At the end of the BMP test, TAN and VFAs concentrations were measured in the final digestate, since they may provide valuable information on methanogenesis efficiencies and the possibility of inhibition (

Table 2. Nitrogen and volatile fatty acids concentrations in the final digestate from BMP test. COD: chemical oxygen demand.

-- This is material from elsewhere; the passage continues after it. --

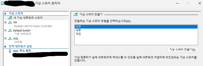 "새 가상 네트워크 스위치" -> "외부" -> "가상 스위치 만들기" 클릭

	Control	1000 kJ/kg TS	2500 kJ/kg TS	5000 kJ/kg TS
Total ammonia nitrogen (mg N/L)	1787 ± 33	1977 ± 32	2056 ± 54	2181 ± 28
Free ammonia nitrogen (mg N/L)	179 ± 3	210 ± 3	200 ± 3	183 ± 2
Total volatile fatty acids (mg COD/L)	73 ± 6	148 ± 23	158 ± 13	239 ± 13
Acetate (mg COD/L)	39 ± 4	79 ± 26	88 ± 2	124 ± 6
Propionate (mg COD/L)	34 ± 2	28 ± 8	34 ± 7	46 ± 4
Butyrate (mg COD/L)	-	41 ± 9	36 ± 4	69 ± 3

). Before starting the BMP test, TAN concentrations in all bottles were ranged from 1598–1756 mg N/L (data not shown). After the completion of the BMP test, TAN concentrations increased in the final digestate samples (see Table 2), which could be contributed to the hydrolysis of proteins [8]. The final TAN concentrations in samples sonicated at 2500 and 5000 kJ/kg TS were slightly higher than the sample sonicated at 1000 kJ/kg TS. The final TAN concentration in the digestate from the control (1787 ± 33 mg N/L) was slightly lower than all ultrasonicated samples (1977–2181 mg N/L). The unionized form of FAN has been suggested to be inhibitory to methanogenesis [37,38,39]. Therefore, FAN concentrations were estimated for all samples. The estimated FAN concentrations varied between 179 to 210 mg N/L (see Table 2). Based on the previous studies, a threshold of FAN concentrations for introducing inhibition may vary widely from 100 to 1100 mg N/L [40]. Thus, we cannot completely rule out the possibility of FAN inhibition during the BMP test. However, it was evident that the hydrolysis of digestate with ultrasound did not impose any additional risk of ammonia inhibition. Some previous studies reported that high FAN levels might lead to VFAs accumulation in the digester [41]. As shown in Table 2, the control showed the least TVFA concentration followed by sample sonicated at 1000 kJ/kg TS, 2500 kJ/kg TS, and 5000 kJ/kg TS. However, the total VFAs accumulation in all reactors remained below ~300 mg COD/L. Thus, there was no sign of inhibition.

4. Conclusions

This study presents high-solids anaerobic digestion followed by wet type anaerobic digestion of ultrasonicated digestate for enhancing the methane yield from OFMSW. Methane yield obtained from HSAD was 210 L CH₄/ kg VS, while methane yield from the digestate in subsequent wet-type anaerobic digestion was only 68 L CH₄/ kg VS. The ultrasonication of digestate linearly increased SCOD solubilization with an increase in specific energy inputs. Additionally, a linear correlation was observed between SCOD solubilization and VS removal efficiencies. The highest methane yield of 132 L CH₄/kg VS was observed for a specific energy input of 5000 kJ/kg TS, which was 1.94 times higher than that observed for untreated digestate. Thus, these results suggest that ultrasonication of OFMSW digestate from high-solids anaerobic digestion may provide additional energy recovery options with wet-type anaerobic digestion. However, future studies need to involve comprehensive economic feasibility analyses to investigate the potential for practical application. Moreover, the quality of the final digestate should be assessed for potential environmental risks, such as pathogen content, antibiotic resistance genes, etc.